If you’re unsure how to caption your videos, look up tutorials specific to the platform you’re using, such as YouTube. The tutorials should walk you through the process of adding subtitles throughout the video in the simplest way possible.
Your Role in the Process: Embracing the Challenge and Creativity of Accessibility
Good writing is all about making choices, and accessibility is one of the most important choices you can make because the choice to be accessible impacts more than just you. It’s a responsibility you have not only as a writer, but as a member of a class, a student at a school, and a good citizen.
Whenever you create a writing project, you’re sending a rhetorical message about who your audience is—instead of your audience being the ambiguous and universal “everyone,” it actually is “everyone who can access what you’ve created.”

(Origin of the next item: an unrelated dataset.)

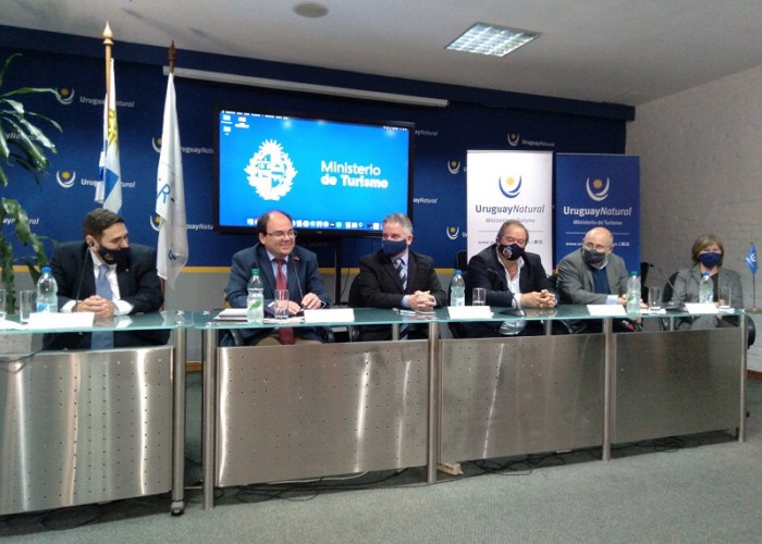 En el lanzamiento en el MINTUR: Eugenio Bidondo, DT de Flores; intendente departamental Diego Irazábal; asesor ministerial Oscar Iroldi; Álvaro Fagalde, secretario general de la intendencia; Juan Martínez, Pte. de la CAMTUR; Doris Rodríguez, del MINTUR

This duty may feel a bit daunting, but do your best to embrace the challenge. One of the great things about accessibility is that it forces you to get outside of your own head, view your world differently, and consider how your design choices impact how others interact with your documents. However, this process is not without some learning curves. Access work is a recursive process, one where may you try an accessibility feature or action and it may or may not work as you expected. Some ideas for being accessible may sound good in theory, like giving your classmates and instructor a detailed handout instead of a script, but don’t provide real access or an equitable way for everyone to experience your work. In fact, a situation where you provide a handout in lieu of a script is an example of the social model of disability because your choice to not provide equal access to what you say in a presentation is more disabling than any impairment your instructor or peers may have.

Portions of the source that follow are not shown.